Friday, June 26, 2015

21 days

I'm making it, though I have a hang nail on my left pinkie so hitting the shift key hurts, so does my tooth, but life's good.  I'm going camping this weekend and gonna get burnt to a crisp with all my NA people so yeah I'm happy.

Yesterday I had a long talk with an old friend and I literally cried.  She's not afraid to be tough with me.  She said the shame from my relapse showed in my face.  I'm better now.  Not all better but a little better.

Last night I was offered the choice between getting high and going to the NA camp out and I chose the camp out without even thinking.  I was even kind of offended that someone would want to get high with me.  But who am I kidding.  If it weren't for the camp out, I'd be high right now.  Still kinda wish I could go to the camp out AND get high, but that's the addict in me poking it's ugly little head.  I think I shall name my addict and his name shall be Dickie!  Now I have Manny and Dickie fighting for control of this distorted mind of mine, but I will WIN!

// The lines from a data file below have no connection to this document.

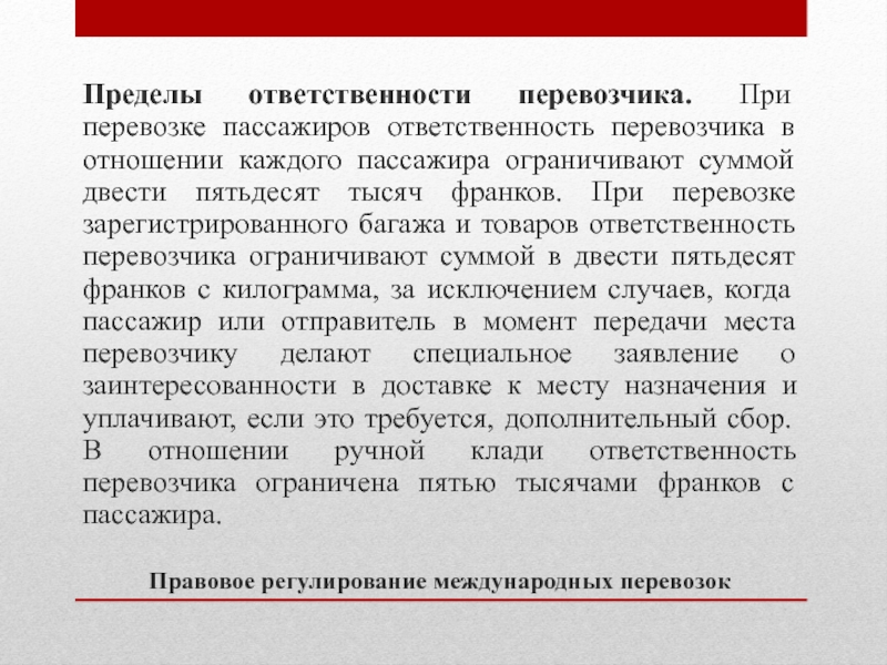 франков. При перевозке зарегистрированного багажа и товаров ответственность перевозчика ограничивают суммой в двести пятьдесят франков с килограмма, за исключением случаев, когда пассажир или отправитель в момент передачи места перевозчику делают специальное заявление о заинтересованности в доставке к месту назначения и уплачивают, если это требуется, дополнительный сбор. В отношении ручной клади ответственность перевозчика ограничена пятью тысячами франков с пассажира.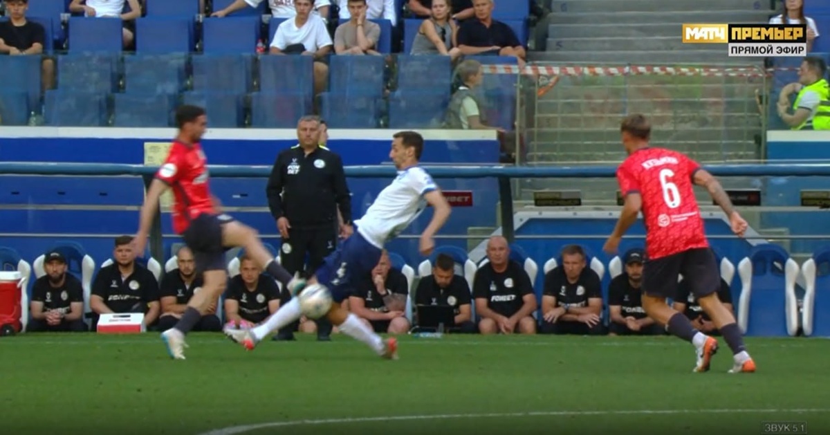 Акрон-Крылья Советов 87 мин. НА стоп кадре это К.К за серьёзное нарушение правил для игрока команды Акрон №17, в динамике Ж.К за грубую игру, но нечего не показать в этом моменте нельзя.
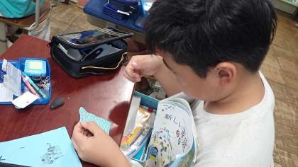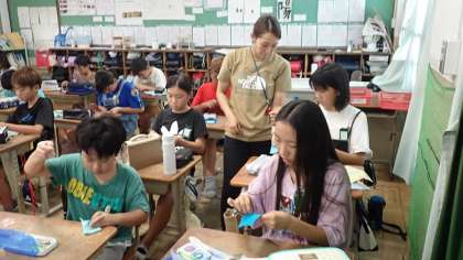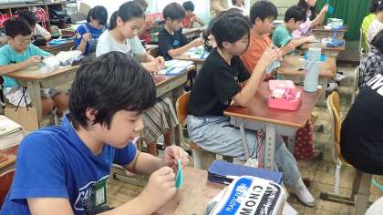 今日は、フェルトの生地を使った「小物入れ」づくりをしています。これまでに教わった、玉結び、なみぬい、玉止めとボタン付けの仕方を生かして、ていねいに作っています。みんな真剣な表情です。できあがった子は、満足そうに見せてくれました。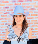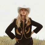 Our modern interpretation of the cowgirl shape in an ivory felt with brown suede trim, accented with brass bead detail and a sustainably-sourced pheasant feather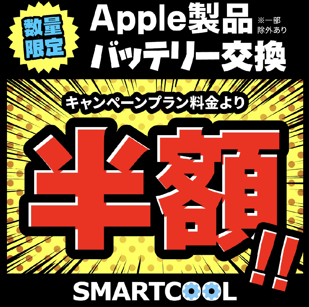 期間限定で12/12~12/21までの間【Apple製品のバッテリー交換キャンペーン料金より半額】でご案内中!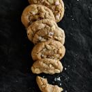 Sprinkle the flour mixture over the butter mixture and stir in with a rubber spatula until almost completely blended, with only 2 or 3 small flour streaks visible. Stir in the blond chocolate feves and macadamia nuts, scooping to the bottom of the bowl to combine all the ingredients, until the dough no longer looks dusty. If the dough seems warm or overly glossy, refrigerate for 5 minutes. Using about 3 Tbs. dough for each cookie, roll the dough into balls. Place on the prepared baking sheets, spacing the cookies about 3 inches (7.5 cm) apart. Sprinkle the tops of the cookies with flaky sea salt.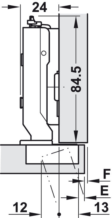 √ò 35 mm cupUp to 24 mm overlay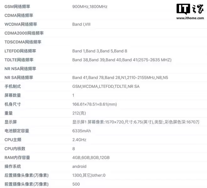 数据库信息显示,这款手机的机身尺寸为166.61*78.51*8.61mm,重量约为212克。它配备了一块6.75英寸的屏幕,分辨率为1520*720,色彩深度达到1670万色。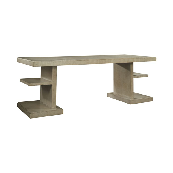 Suzanne Kasler collection ash library console table with end storage shelves. Shown in Weathered Stone finish. Available in a range of finishes.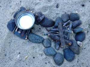 - Set up a small Teepee fire in the center of fire spot, using kindling.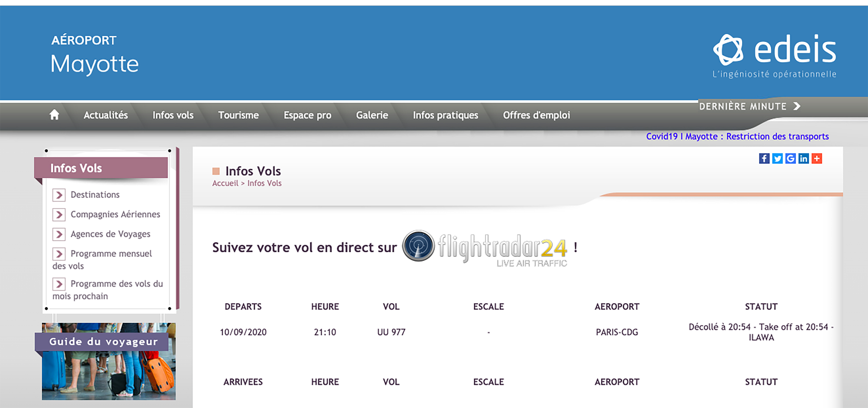 La nouvelle est plutôt bonne même si tous les verrous ne seront pas levés en une journée. Néanmoins, tous les espoirs sont permis avec des bars, des restaurants qui pourraient rouvrir de manière totale. Il y a aussi l’aéroport qui est susceptible de reprendre vie mais ce n’est pour le moment pas encore le cas. En témoignent les infos vols de l’aéroport de Pamandzi ce matin, une seule liaison est programmée en direction de Paris Charles de Gaulle. C’est bien peu…

On a personal not to my Kiwi Princess (hope that name doesn't offended, btwz) I looked up the weather in Dunedin and you live in a temperate paradise!  I grew up on the Oregon Coast  and I hate the hot weather where I am.  It's only 9:00 AM right now and it's already almost 80 degrees . . . Celsius (jk!) you do the conversion.  But it's fucking hot and it's going to be over 100 where I'm camping.  Thank God for swimming.  Thanks Jamie for being my #1 fan!

Saturday, June 13, 2015

9 days

So I knew I'd never be able to keep up the lie.  I went to an NA meeting and confessed my relapse, though my family still doesn't know about it.  You'd thing that when I stop bragging about my sobriety they'd realize that I'd relapsed.  There's a lot of signs that I think they should pick up on, but they don't.  Anyways, I'm trapped in self pity and I was told to make a gratitude list so here I am. 

1. The air in my lungs
2. The food in my belly
3. My limited sobriety
4. Nicotine
5. The family pet
6. Sleep
7. My 90's pop station on Pandora
8. Caffeine
9. My Blog
10.  The only fan of my blog and Kiwi Princess, Jamie.

Thursday, June 4, 2015

51 days clean . . .

So I relapsed, no surprise there.  But I'm going to pretend I didn't.  I like NA, I love the people and the self improvement, but I also kinda like getting high once in a while.  So I'm not going to tell anyone about what I did last night.  I'm going to keep my clean date and I'm not going to tell my sponsor or anyone at NA.  It'll be like last night never happened.  I'm going to try to forget it and there will be no consequences.  I don't know why I'm being honest here.  I suppose because no one except my Kiwi Princess reads this blog so there's no shame in being honest here.  I know I may have an attack of conscience and confess to people late, but as of right now my plan is to pretend it never happened.  And I won't feel guilty about it either.  I will be a member of NA who occasionally uses when no one's around.  No big deal.